Problem to work on - Starting at the line that contains "- View earned", retype each line to the end of the listing below. Include both ends, but not the pictures.

Information provided -
____
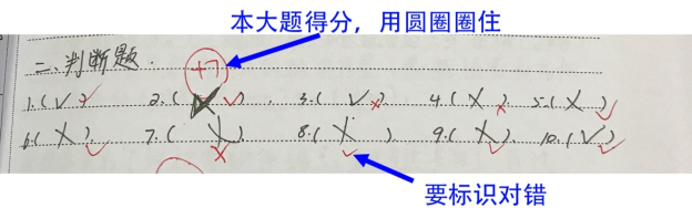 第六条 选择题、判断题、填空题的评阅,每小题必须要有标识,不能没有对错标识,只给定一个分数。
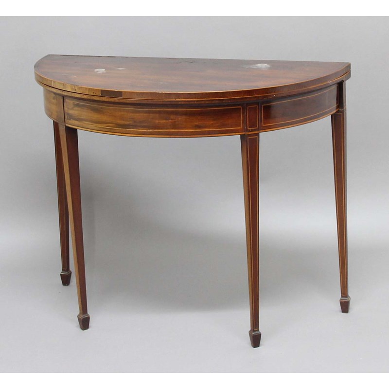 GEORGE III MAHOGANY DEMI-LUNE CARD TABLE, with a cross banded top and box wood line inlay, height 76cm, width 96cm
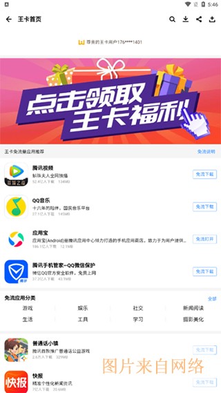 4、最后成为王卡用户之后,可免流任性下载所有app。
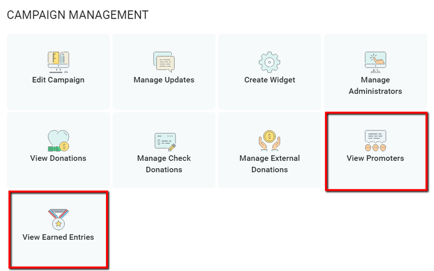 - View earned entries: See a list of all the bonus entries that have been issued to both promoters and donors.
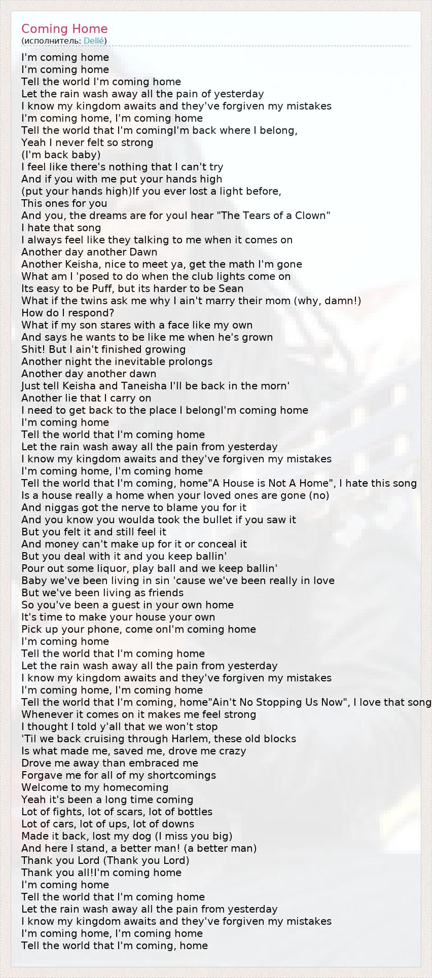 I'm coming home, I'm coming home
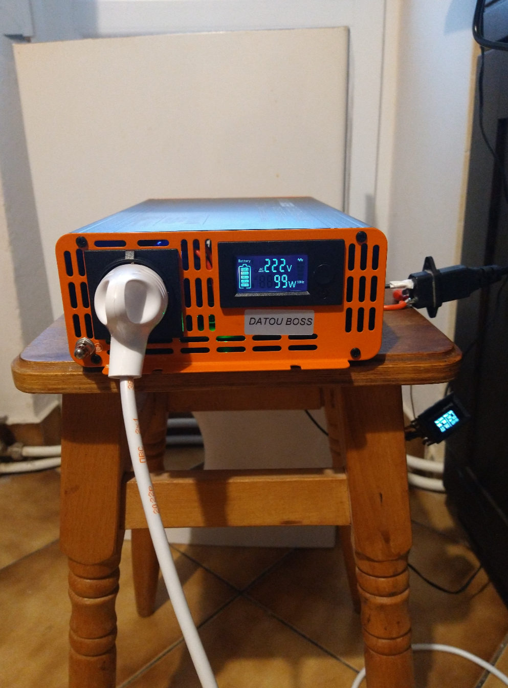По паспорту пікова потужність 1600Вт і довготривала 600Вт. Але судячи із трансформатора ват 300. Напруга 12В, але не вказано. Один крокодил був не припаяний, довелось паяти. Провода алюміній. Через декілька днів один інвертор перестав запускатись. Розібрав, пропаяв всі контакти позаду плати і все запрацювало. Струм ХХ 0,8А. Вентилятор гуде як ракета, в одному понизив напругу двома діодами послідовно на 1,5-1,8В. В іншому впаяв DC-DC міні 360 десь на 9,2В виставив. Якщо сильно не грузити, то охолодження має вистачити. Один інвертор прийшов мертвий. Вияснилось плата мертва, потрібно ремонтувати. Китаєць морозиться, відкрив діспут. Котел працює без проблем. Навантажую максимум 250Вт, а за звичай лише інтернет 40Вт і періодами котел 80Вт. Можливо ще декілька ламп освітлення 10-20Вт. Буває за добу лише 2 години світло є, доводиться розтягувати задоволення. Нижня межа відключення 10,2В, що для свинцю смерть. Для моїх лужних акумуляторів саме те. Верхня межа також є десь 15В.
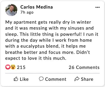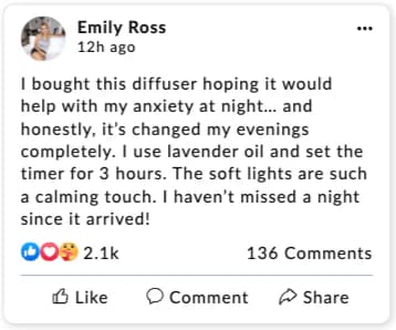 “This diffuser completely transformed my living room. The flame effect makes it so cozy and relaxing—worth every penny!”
____
Output -
 - View earned entries: See a list of all the bonus entries that have been issued to both promoters and donors.
 I'm coming home, I'm coming home
По паспорту пікова потужність 1600Вт і довготривала 600Вт. Але судячи із трансформатора ват 300. Напруга 12В, але не вказано. Один крокодил був не припаяний, довелось паяти. Провода алюміній. Через декілька днів один інвертор перестав запускатись. Розібрав, пропаяв всі контакти позаду плати і все запрацювало. Струм ХХ 0,8А. Вентилятор гуде як ракета, в одному понизив напругу двома діодами послідовно на 1,5-1,8В. В іншому впаяв DC-DC міні 360 десь на 9,2В виставив. Якщо сильно не грузити, то охолодження має вистачити. Один інвертор прийшов мертвий. Вияснилось плата мертва, потрібно ремонтувати. Китаєць морозиться, відкрив діспут. Котел працює без проблем. Навантажую максимум 250Вт, а за звичай лише інтернет 40Вт і періодами котел 80Вт. Можливо ще декілька ламп освітлення 10-20Вт. Буває за добу лише 2 години світло є, доводиться розтягувати задоволення. Нижня межа відключення 10,2В, що для свинцю смерть. Для моїх лужних акумуляторів саме те. Верхня межа також є десь 15В.
 “This diffuser completely transformed my living room. The flame effect makes it so cozy and relaxing—worth every penny!”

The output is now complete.